Poverty is never glamorous, as DeKam makes clear in her debut, but it’s sometimes possible to escape from its stranglehold. Born in 1972, DeKam was the third daughter of parents who vacillated between charming incompetence and abusive neglect. Her mother, Colleen, was a faded Irish beauty–turned–“champion complainer” prone to welfare fraud. Her father, Fred, was a dreamer, schemer and restless wanderer who dragged his family from New York to California and everywhere in between and then abandoned them for months. Fred was charming yet distant, and DeKam adapted quickly to his unreliability. Her mother didn’t learn the same lesson, and she stuck with her alcoholic husband, even when he stranded her in a tiny Wisconsin town with no job opportunities. While Colleen seemed incapable of taking charge of her own life, her daughters learned the power of independence, and each eventually broke free of their dysfunctional heritage. In a genre crowded with tales of difficult childhoods, DeKam’s plainspoken memoir stands out.
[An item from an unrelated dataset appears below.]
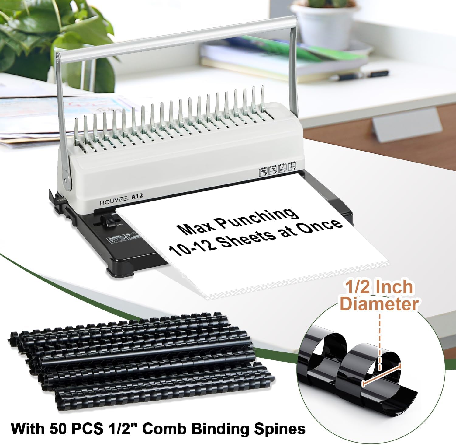 - 【HOUYEE Comb Binding Machine Kit, Great Value for Money】: Includes 1 comb binding machine and 50pack 1/2 inch black comb binding spines (for 61-90 sheet binding capacity).

Her voice is honest, and she doesn’t wallow in self-pity or give in to bitterness, even when recounting trying circumstances—the house in upstate New York that lacked indoor plumbing, the cockroach-infested studio apartment she shared with her parents in Arizona. In the most affecting passages, Meier describes the shame and anxiety that come with growing up poor. In one memorable scene, she visited a grocery store with a friend and had to use the family’s food stamps for the purchase. Her “anguish about how to pay” is palpable, as is her relief when the friend tactfully ignored the situation. While much of the book is laugh-out-loud funny, there are also darker moments, such as when Meier’s oldest sister permanently left home after discovering that her mother had opened credit accounts in her name. Meier’s inevitable breaking point comes years later, when she realized that her “feckless, lawless, and dysfunctional parents gave me that self-reliance” she needed to make her own way in the world.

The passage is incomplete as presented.